Start of Block

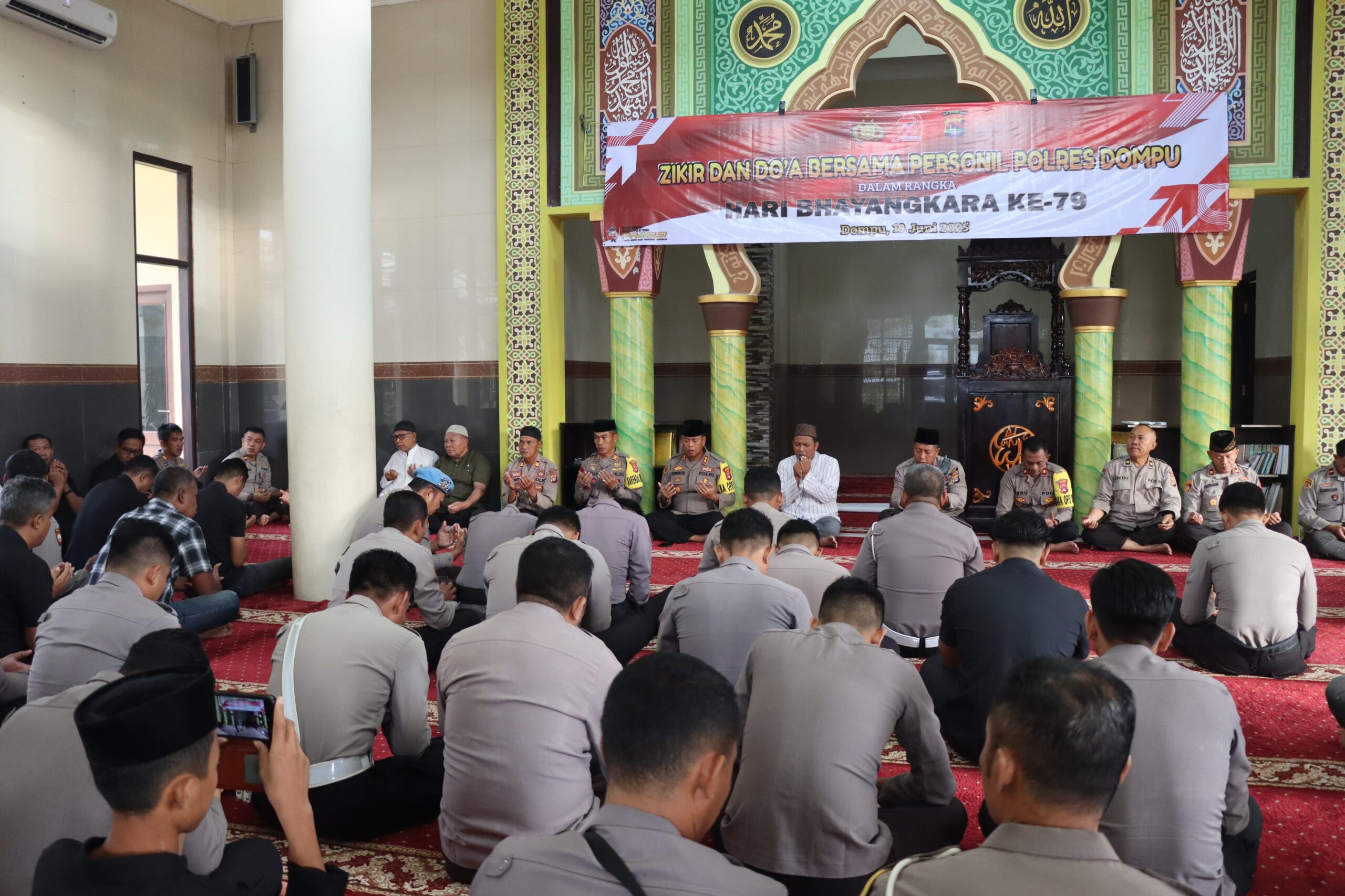 Menyambut Hari Bhayangkara ke-79 tahun 2025, Polres Dompu menggelar kegiatan dzikir dan doa bersama yang berlangsung khidmat di Masjid Miftahul Jannah Polres Dompu pada Kamis, 19 Juni 2025, pukul 07.00 WITA.
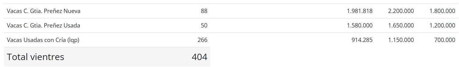 El remate también incluyó categorías de hacienda gorda, donde las vacas gordas promediaron $2.861/kg, con máximos de $3.300/kg, mientras que los toros alcanzaron valores de hasta $3.500/kg. En el segmento de vientres, se destacaron las vacas con garantía de preñez nueva, que llegaron hasta $2.200.000, y las vacas usadas con cría, que marcaron máximos de $1.150.000 por conjunto.
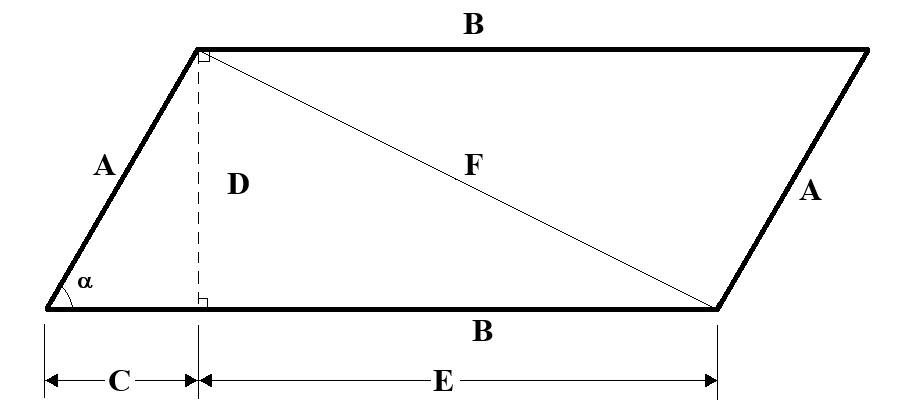F = √[A2 * sin2(α) + B2 – 2 * A * B * cos(α) + A2 * cos2(α)]
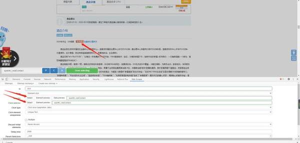 8,点进去跳转到酒店详情页面,找到联系方式,这时候我们发现,联系方式需要点一下才会显示号码,于是我们得让它还能自动帮我们点击一下,这时候可以在link里面再创建两个子集,一个用于点击显示联系方式,一个用于爬取号码
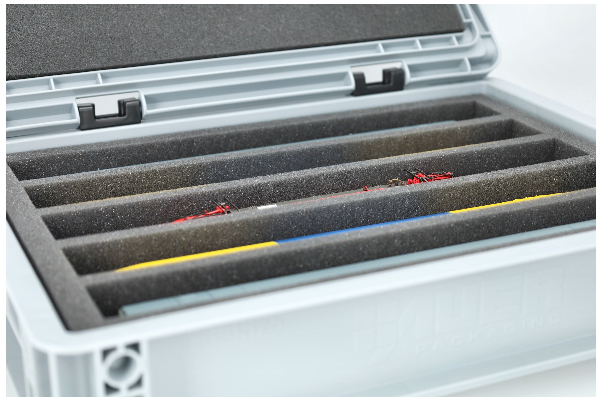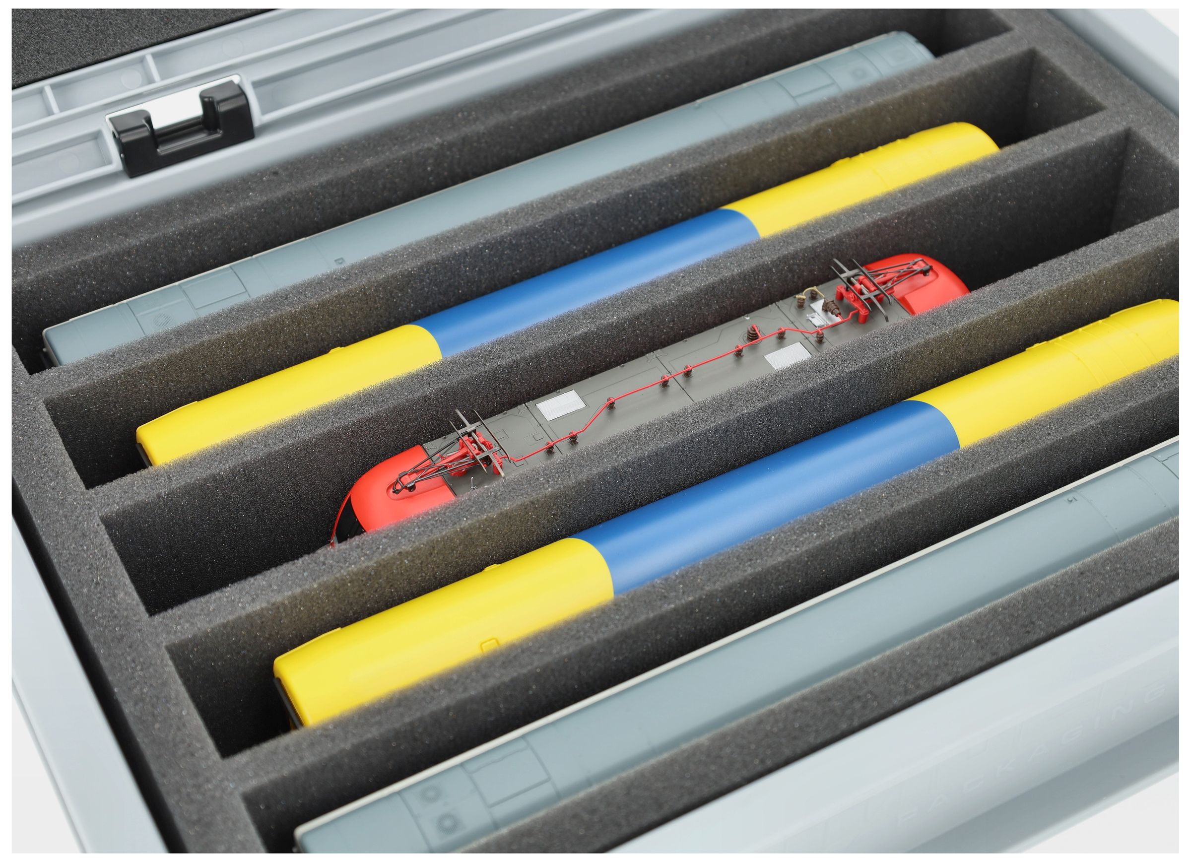Osiem przedziałów (każdy ok. 330 mm 38 mm 55 mm) zostało specjalnie zaprojektowanych dla modeli w skali H0. W zależności od ich długości, kilka wagonów lub lokomotyw może być umieszczonych obok siebie. Dokładne dopasowanie zapewnia, że modele są bezpiecznie zamocowane i nie ślizgają się podczas transportu.
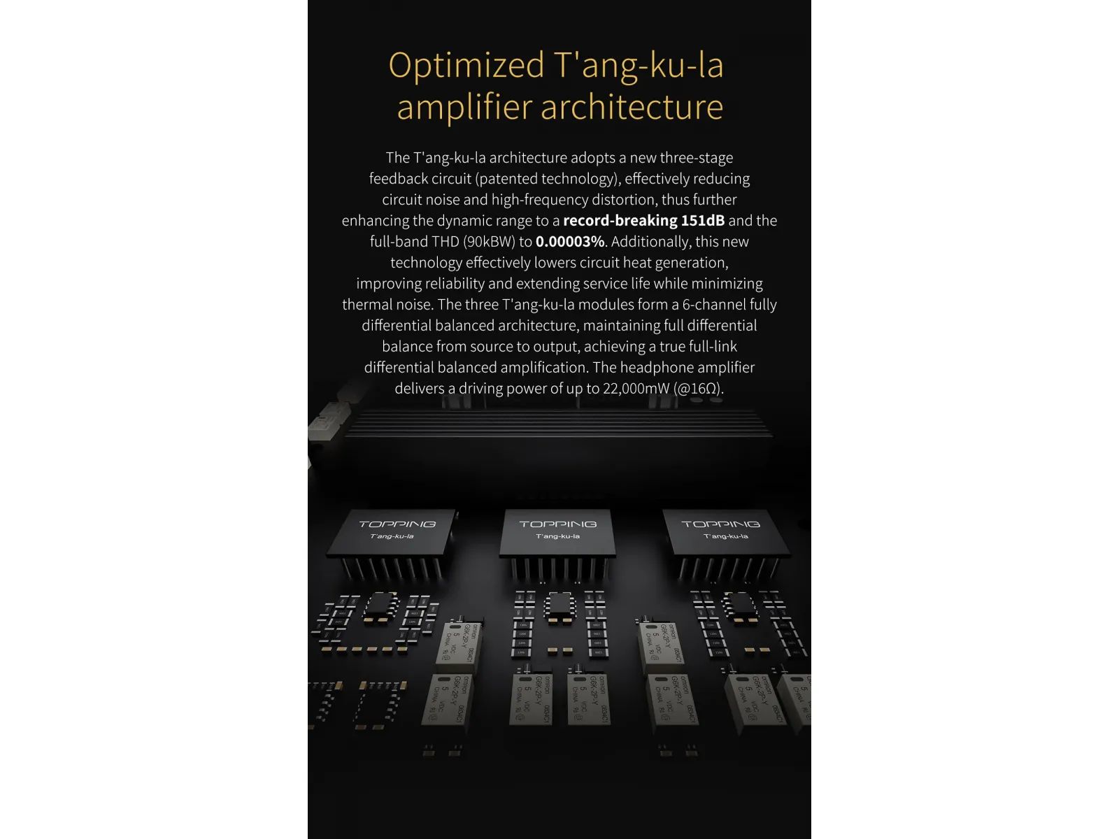 Topping A900 имеет изолированную конструкцию источника питания. Схема цифровой обработки физически изолирована от двух схем аналогового усиления. Это обеспечивает надлежащую подачу питания на различные секции аудиосхемы.
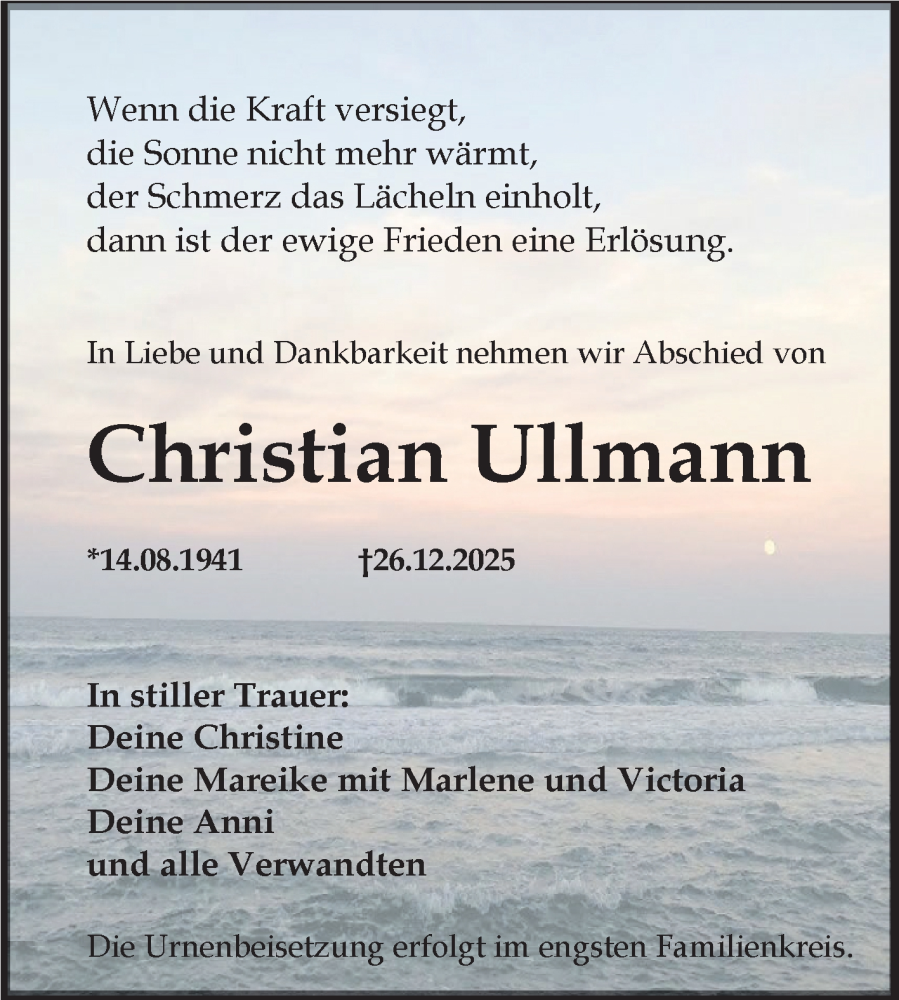 Hier finden Sie alle Traueranzeigen aus der Zeitung, die bisher für Christian Ullmann erschienen sind. Weitere Traueranzeigen, die in der Zeitung erscheinen, werden hier ebenfalls aufgelistet

End of Block

In the answer, all of the material should appear exactly as given, with no picture carried over.

__Response below__
 Menyambut Hari Bhayangkara ke-79 tahun 2025, Polres Dompu menggelar kegiatan dzikir dan doa bersama yang berlangsung khidmat di Masjid Miftahul Jannah Polres Dompu pada Kamis, 19 Juni 2025, pukul 07.00 WITA.
 El remate también incluyó categorías de hacienda gorda, donde las vacas gordas promediaron $2.861/kg, con máximos de $3.300/kg, mientras que los toros alcanzaron valores de hasta $3.500/kg. En el segmento de vientres, se destacaron las vacas con garantía de preñez nueva, que llegaron hasta $2.200.000, y las vacas usadas con cría, que marcaron máximos de $1.150.000 por conjunto.
F = √[A2 * sin2(α) + B2 – 2 * A * B * cos(α) + A2 * cos2(α)]
 8,点进去跳转到酒店详情页面,找到联系方式,这时候我们发现,联系方式需要点一下才会显示号码,于是我们得让它还能自动帮我们点击一下,这时候可以在link里面再创建两个子集,一个用于点击显示联系方式,一个用于爬取号码
Osiem przedziałów (każdy ok. 330 mm 38 mm 55 mm) zostało specjalnie zaprojektowanych dla modeli w skali H0. W zależności od ich długości, kilka wagonów lub lokomotyw może być umieszczonych obok siebie. Dokładne dopasowanie zapewnia, że modele są bezpiecznie zamocowane i nie ślizgają się podczas transportu.
 Topping A900 имеет изолированную конструкцию источника питания. Схема цифровой обработки физически изолирована от двух схем аналогового усиления. Это обеспечивает надлежащую подачу питания на различные секции аудиосхемы.
 Hier finden Sie alle Traueranzeigen aus der Zeitung, die bisher für Christian Ullmann erschienen sind. Weitere Traueranzeigen, die in der Zeitung erscheinen, werden hier ebenfalls aufgelistet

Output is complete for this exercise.